**DATA UNDER STUDY**
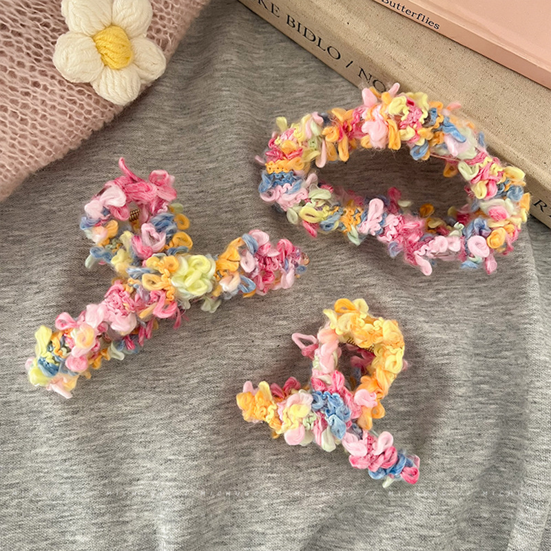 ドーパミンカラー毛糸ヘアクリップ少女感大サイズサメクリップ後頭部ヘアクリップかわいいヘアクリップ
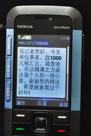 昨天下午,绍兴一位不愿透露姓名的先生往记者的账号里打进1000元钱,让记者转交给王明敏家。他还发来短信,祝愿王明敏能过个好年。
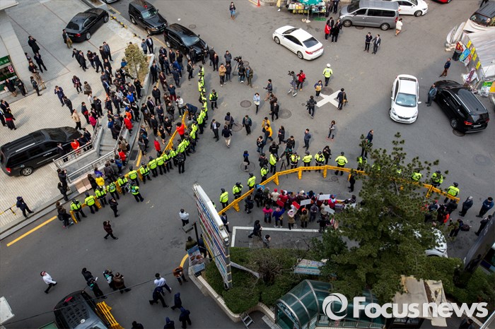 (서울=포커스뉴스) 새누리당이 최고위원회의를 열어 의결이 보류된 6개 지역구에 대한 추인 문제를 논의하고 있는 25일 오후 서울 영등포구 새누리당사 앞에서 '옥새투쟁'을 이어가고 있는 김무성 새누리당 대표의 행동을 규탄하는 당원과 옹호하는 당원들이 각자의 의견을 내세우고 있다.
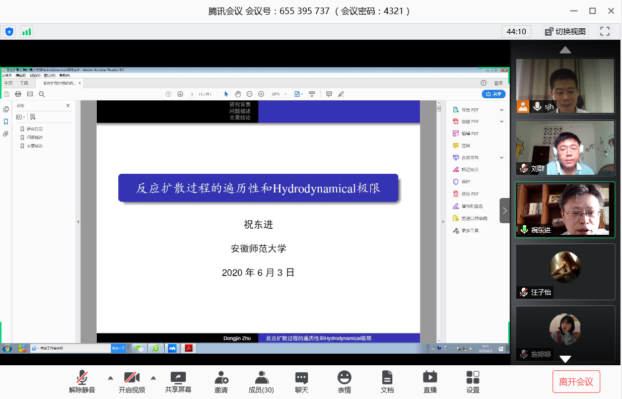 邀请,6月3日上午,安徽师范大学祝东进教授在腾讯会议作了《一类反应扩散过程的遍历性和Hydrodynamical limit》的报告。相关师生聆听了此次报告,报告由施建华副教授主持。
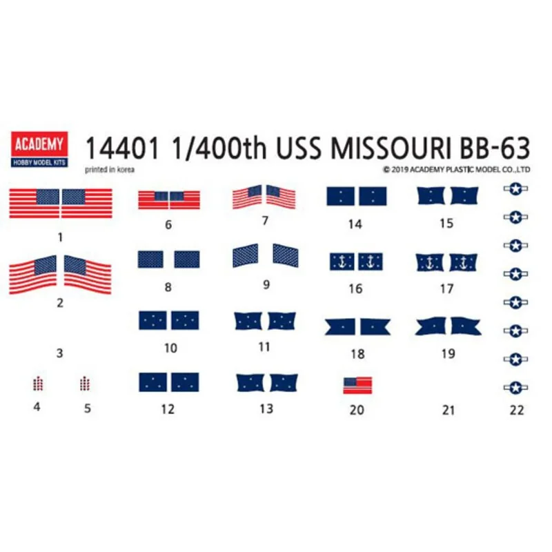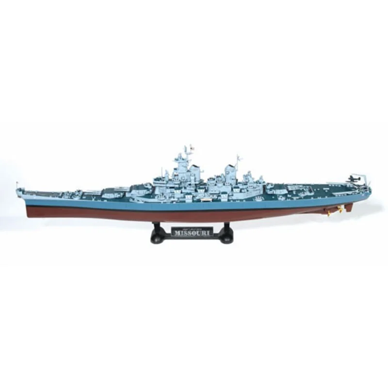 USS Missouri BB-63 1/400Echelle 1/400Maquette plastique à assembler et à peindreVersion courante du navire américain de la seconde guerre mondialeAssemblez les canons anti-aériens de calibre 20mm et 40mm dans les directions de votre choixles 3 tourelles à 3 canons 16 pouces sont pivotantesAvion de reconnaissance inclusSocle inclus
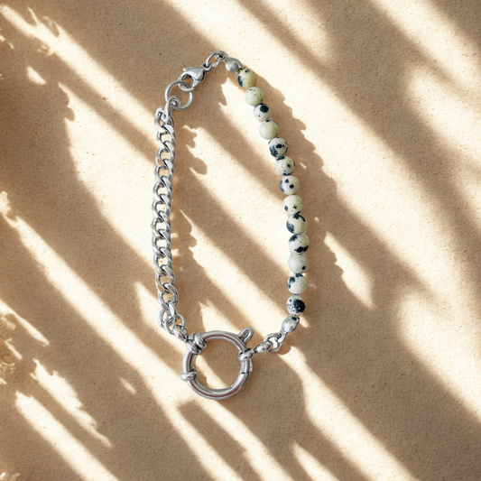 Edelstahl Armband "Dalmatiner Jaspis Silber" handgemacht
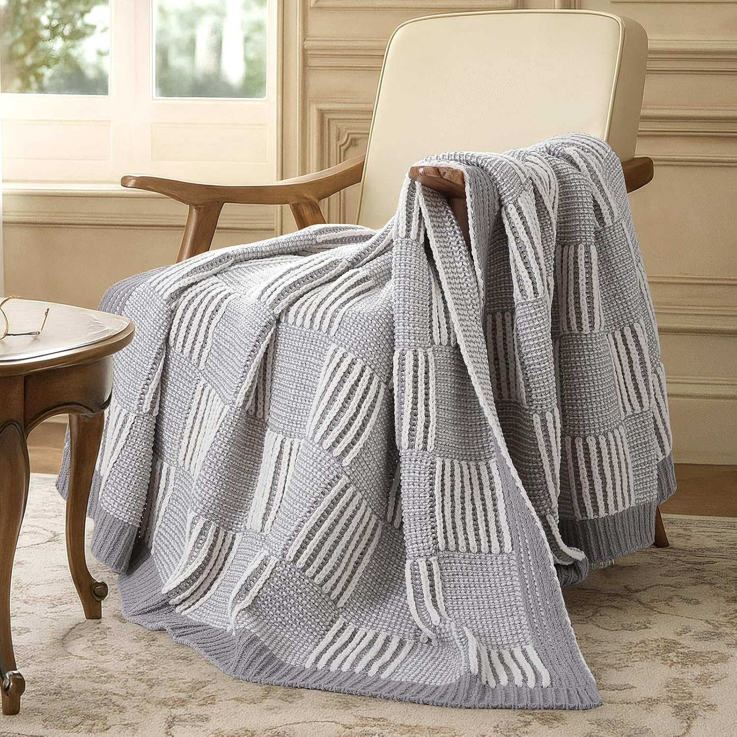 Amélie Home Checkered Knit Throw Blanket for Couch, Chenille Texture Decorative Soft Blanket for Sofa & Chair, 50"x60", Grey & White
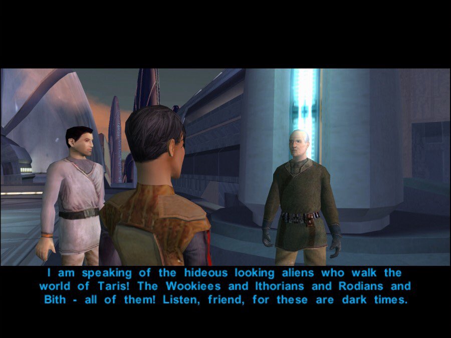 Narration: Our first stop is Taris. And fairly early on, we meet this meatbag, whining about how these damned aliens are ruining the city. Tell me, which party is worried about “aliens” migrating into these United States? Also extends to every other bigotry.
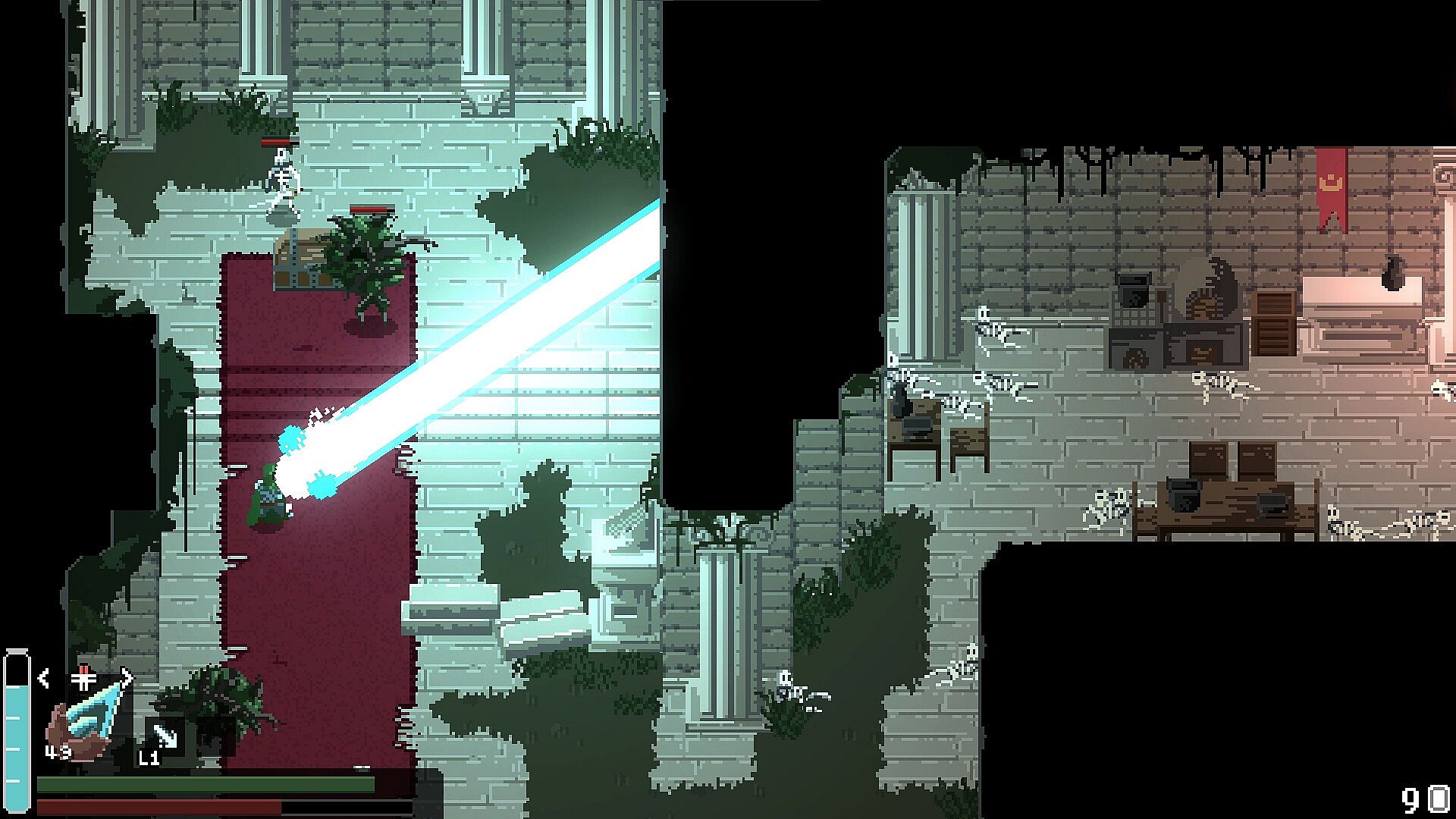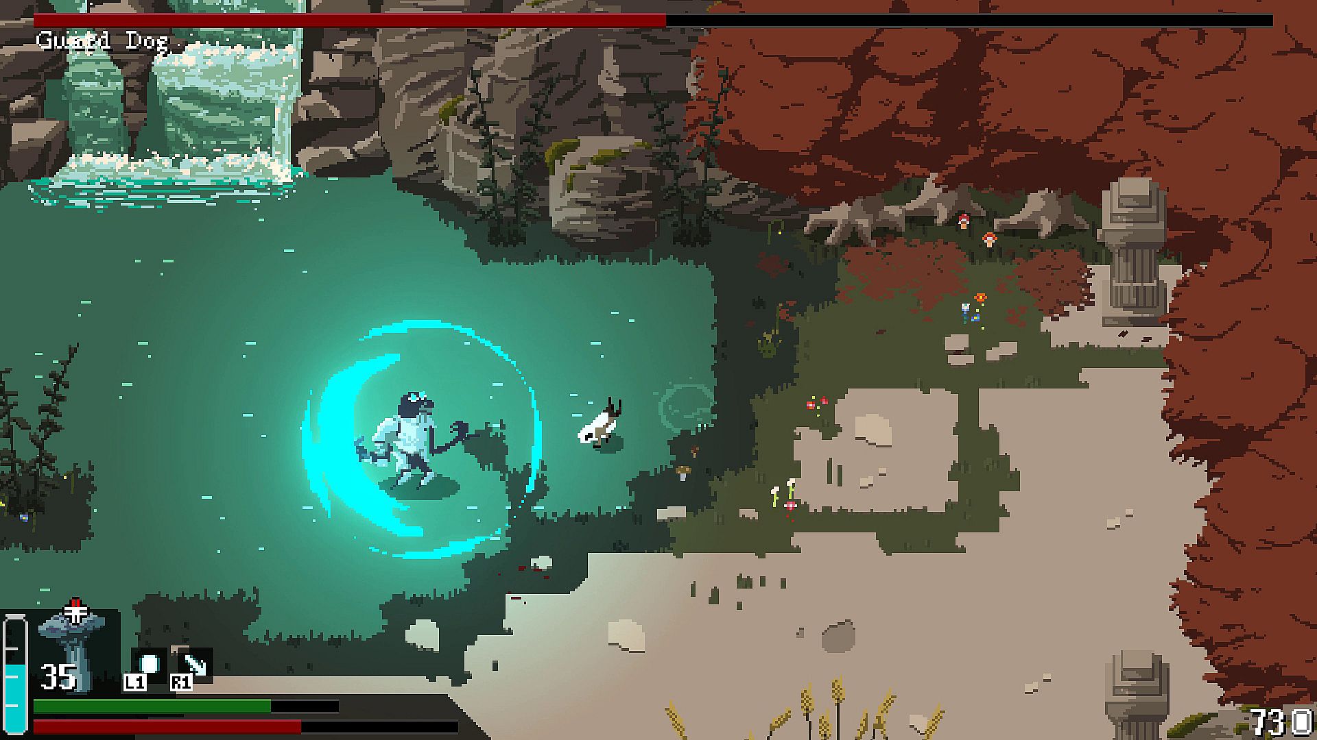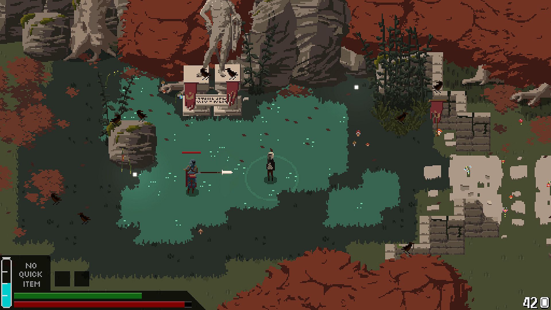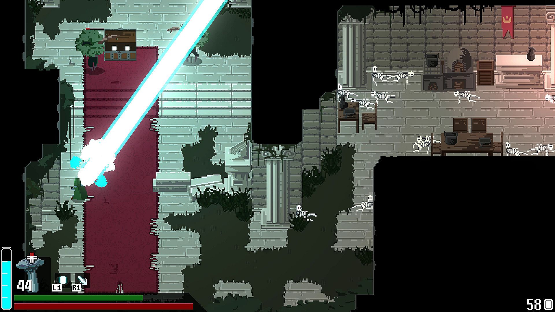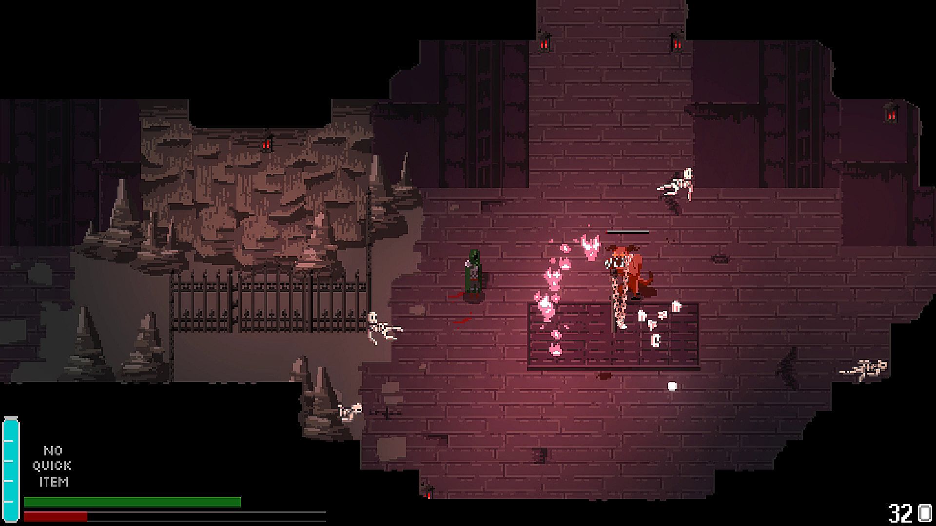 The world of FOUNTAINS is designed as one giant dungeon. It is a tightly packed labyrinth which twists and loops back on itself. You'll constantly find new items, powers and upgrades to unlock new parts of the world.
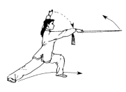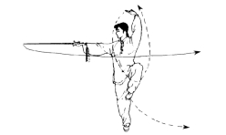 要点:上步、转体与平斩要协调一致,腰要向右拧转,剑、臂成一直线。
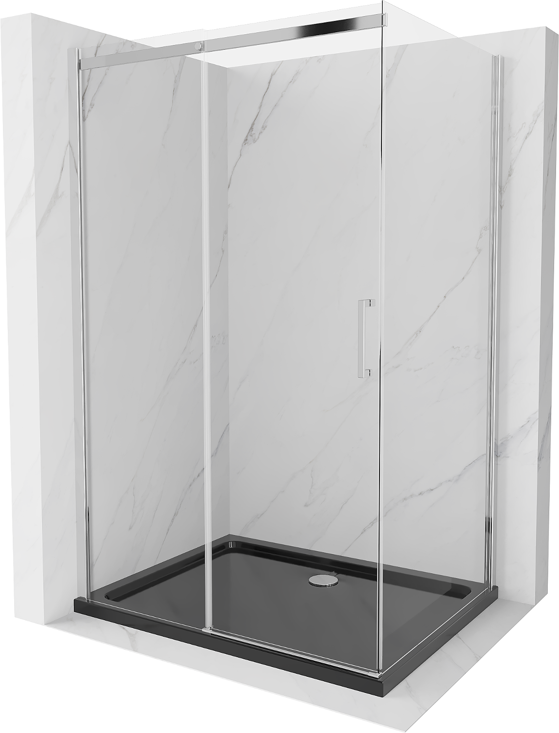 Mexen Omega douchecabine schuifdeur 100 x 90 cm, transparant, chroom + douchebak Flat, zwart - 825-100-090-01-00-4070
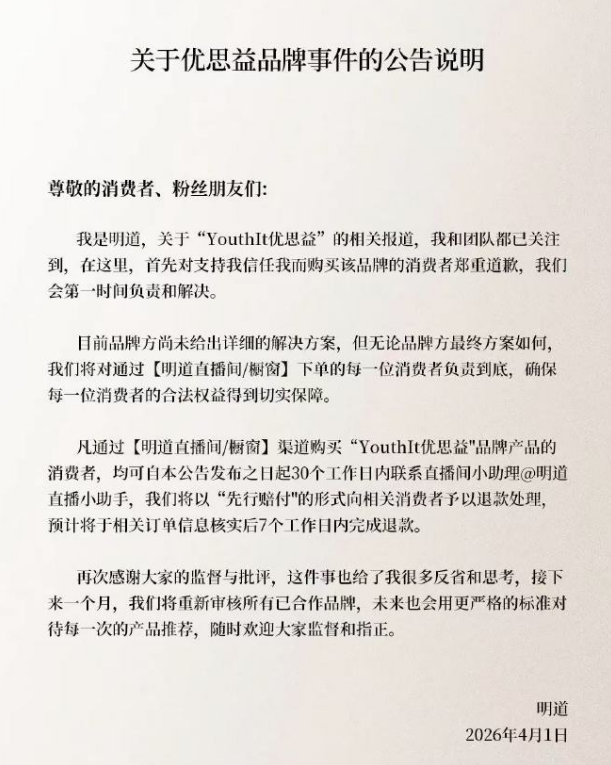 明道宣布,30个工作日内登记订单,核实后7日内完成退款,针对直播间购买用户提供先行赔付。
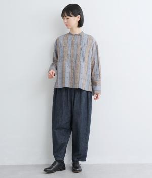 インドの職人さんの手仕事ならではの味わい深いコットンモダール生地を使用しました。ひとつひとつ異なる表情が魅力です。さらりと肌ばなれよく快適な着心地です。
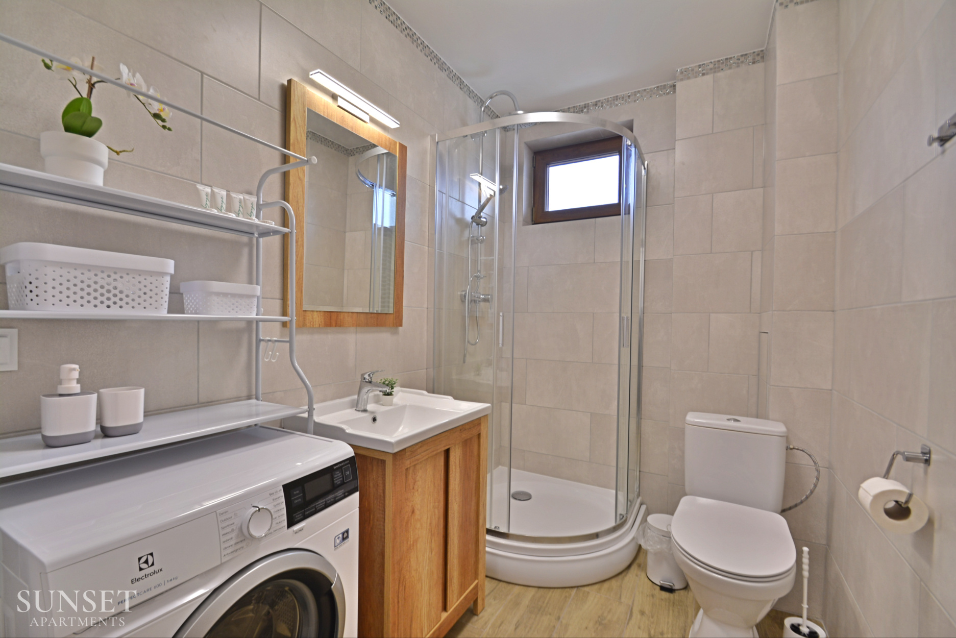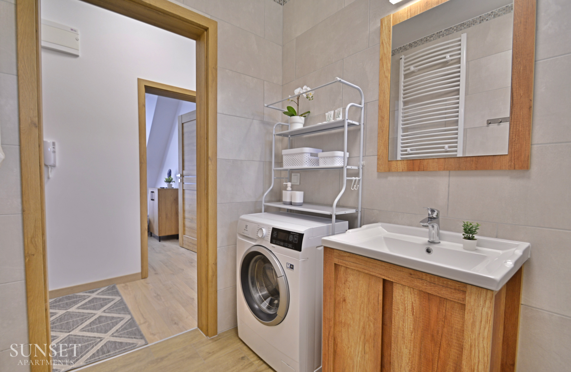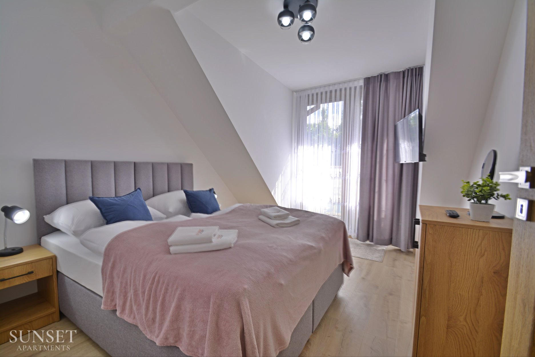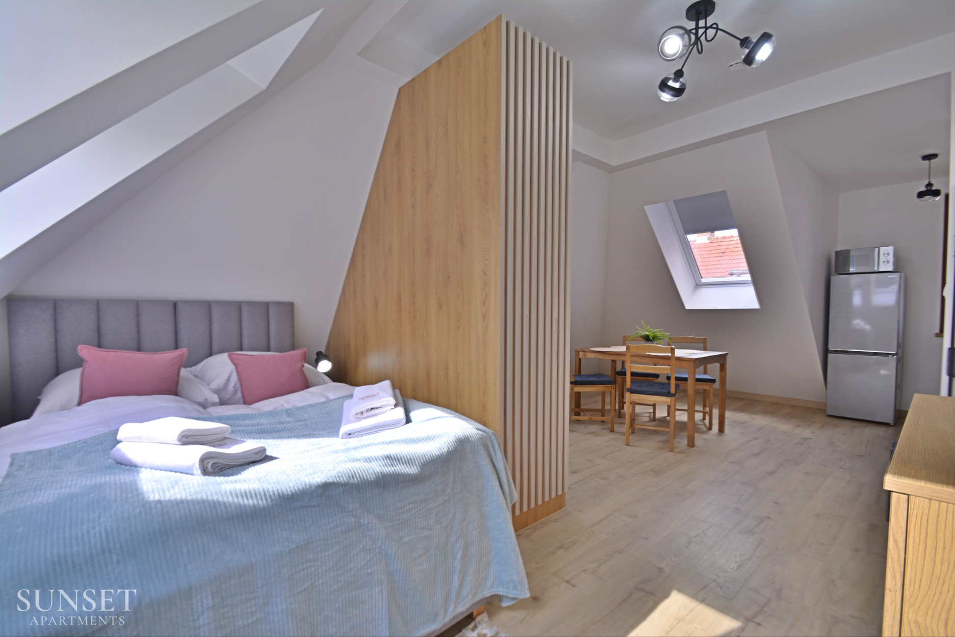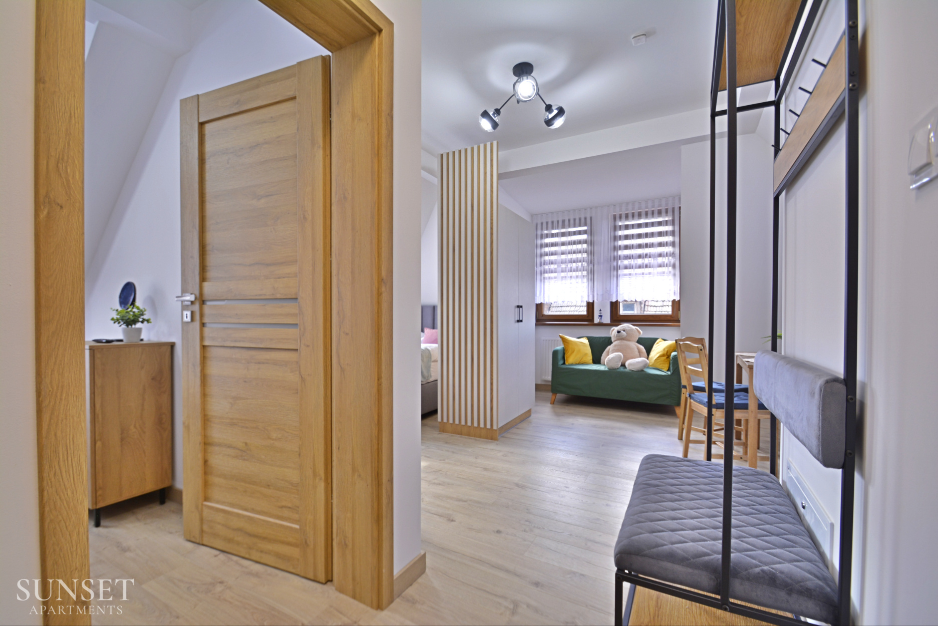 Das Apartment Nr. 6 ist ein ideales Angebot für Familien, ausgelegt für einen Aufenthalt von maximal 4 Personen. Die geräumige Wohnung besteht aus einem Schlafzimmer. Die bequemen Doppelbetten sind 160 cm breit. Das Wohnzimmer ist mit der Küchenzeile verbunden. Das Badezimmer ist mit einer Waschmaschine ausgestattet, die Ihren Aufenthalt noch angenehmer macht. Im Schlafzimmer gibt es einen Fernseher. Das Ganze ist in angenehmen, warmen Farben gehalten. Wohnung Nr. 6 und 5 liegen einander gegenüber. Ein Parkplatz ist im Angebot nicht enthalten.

**TASK REQUIREMENTS**
From the records above, output only the lines starting at the one containing "明道宣布,30个工作日内登记" and ending at the one containing "インドの職人さんの手仕事なら", word for word. Pictures stay out.

**TASK ANSWER**
 明道宣布,30个工作日内登记订单,核实后7日内完成退款,针对直播间购买用户提供先行赔付。
 インドの職人さんの手仕事ならではの味わい深いコットンモダール生地を使用しました。ひとつひとつ異なる表情が魅力です。さらりと肌ばなれよく快適な着心地です。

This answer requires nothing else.